Building Custom Coding Agents with MCP Servers

Introduction to Custom Coding Agents

A single design decision separates teams building useful AI coding agents from those stuck with demo-grade tools: whether the agent can actually use developer tools or just generate text.

In previous analysis of AI code review agents, the biggest gap was clear. Accuracy ranged from 6 percent to over 80 percent depending on how much real context and tooling the system had. Pure prompt-based systems plateau quickly, while tool-integrated agents keep improving.

That is where Model Context Protocol (MCP) comes in. MCP gives you a standard way to connect a large language model (LLM) to real developer tools such as:

• Code search
• Test runners
• Linters
• Databases
• CI pipelines

Instead of guessing, the agent can ask, execute, observe, and iterate.
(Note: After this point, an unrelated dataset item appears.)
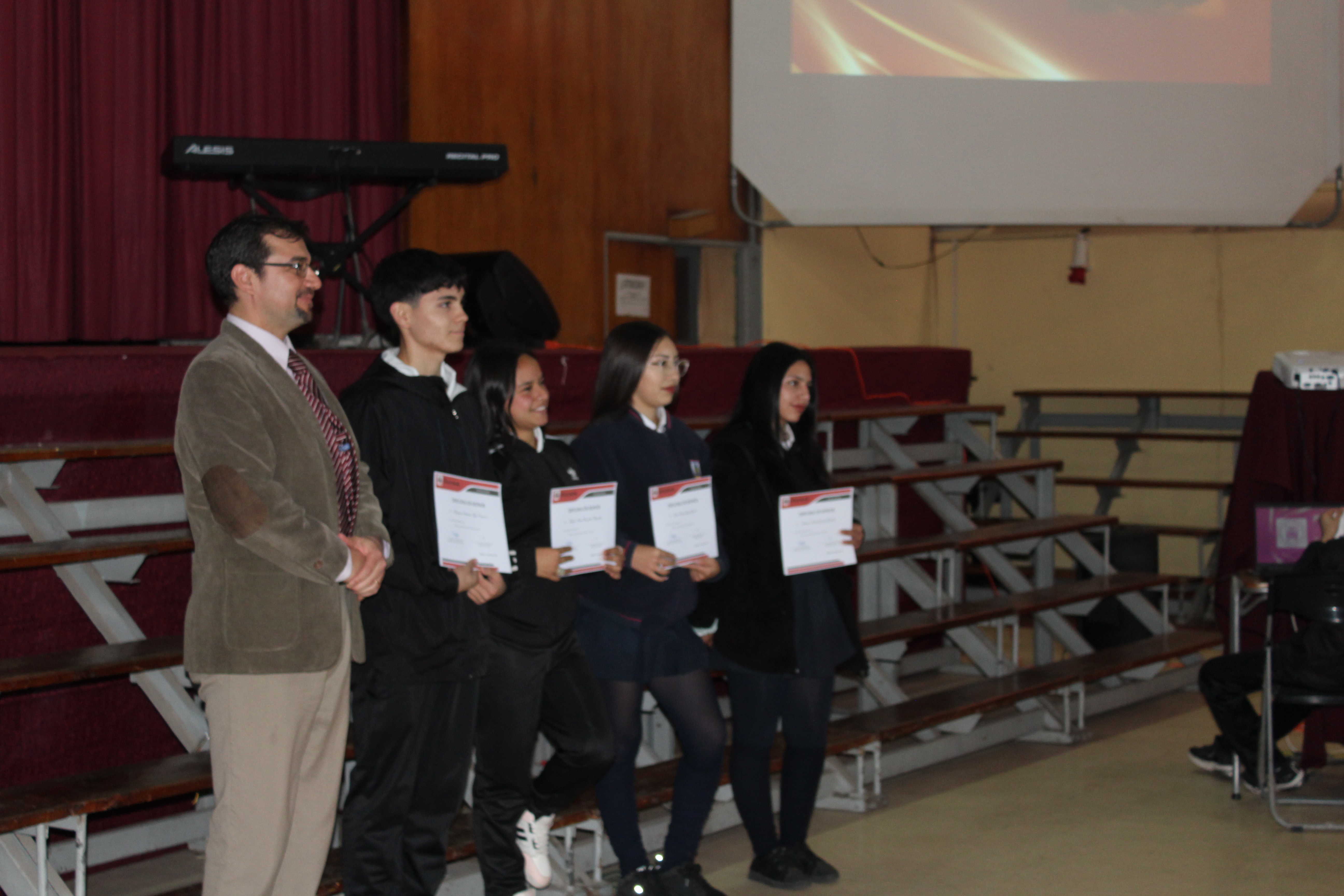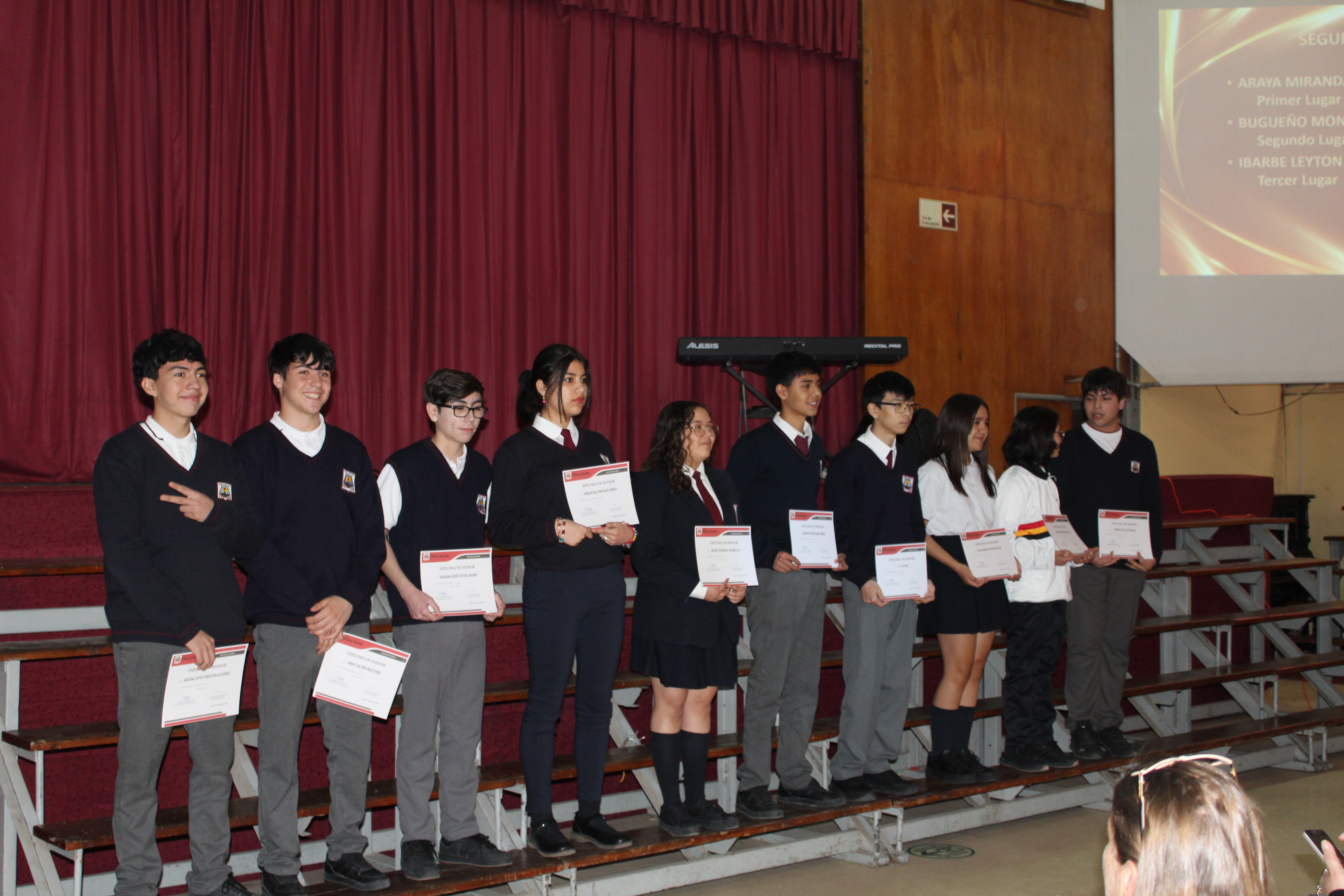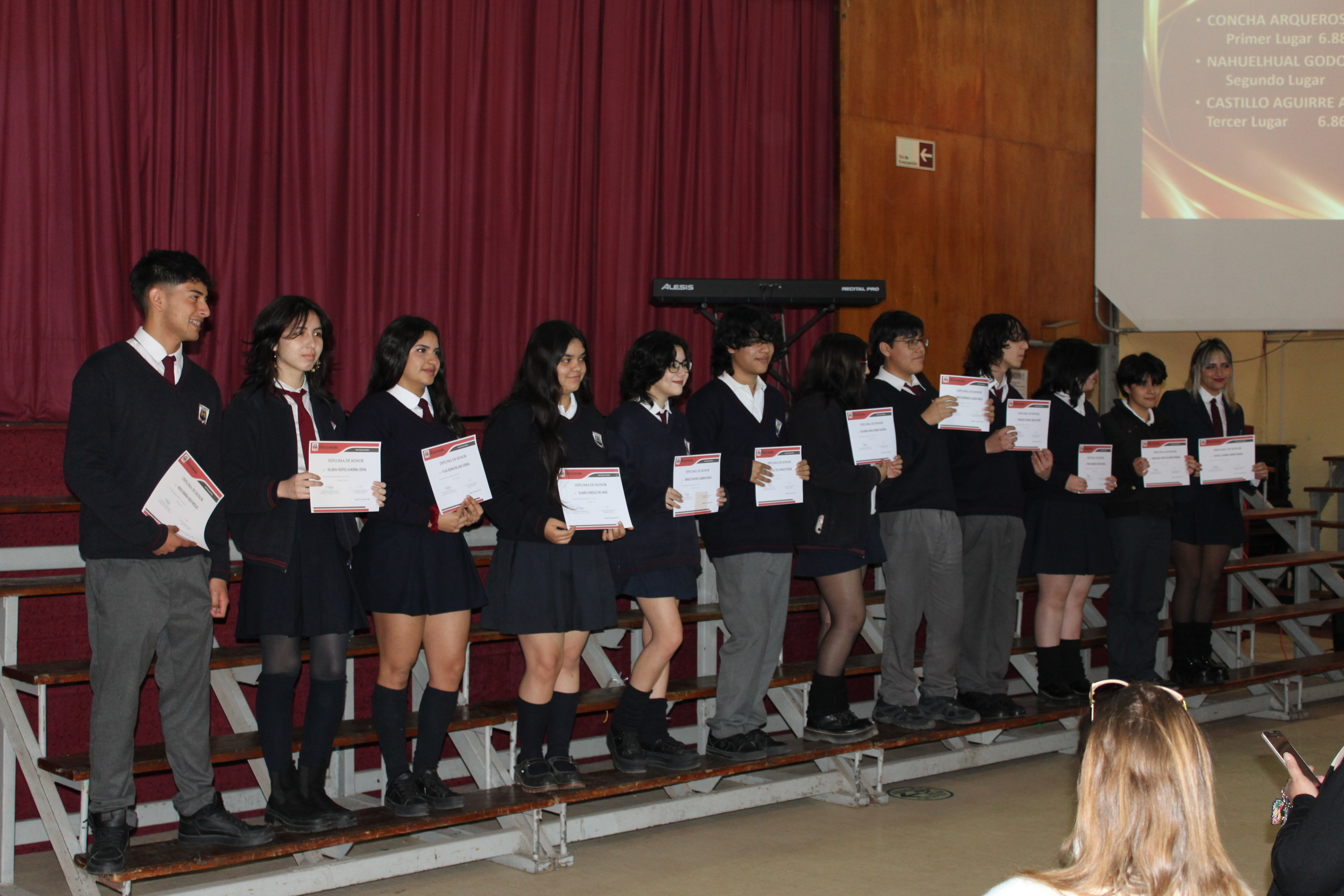 En emotiva ceremonia, hoy se premia la excelencia académica de nuestros estudiantes que ocuparon tres primeros lugares de su curso, desde 7° Básicos a 4°Medios, de esta forma estamos reconociendo el esfuerzo y perseverancia de los estudiantes de nuestro querido liceo, además de lo académico, luciendo los trofeos obtenidos, se premia a los equipos de balonmano de damas y varones, quienes clasificaron a las nacionales.

This guide walks through building a real coding agent that:

• Reads code from a repository
• Runs tests
• Interprets failures
• Proposes fixes

And does it using MCP-style tool integration.

Practical example: Imagine an agent that receives a failing test suite. Without MCP, the agent could only speculate about the cause. With MCP, it can actually rerun the tests, retrieve the real output, and suggest fixes grounded in the actual codebase.

Modern coding agents rely on real tool execution, not just text generation.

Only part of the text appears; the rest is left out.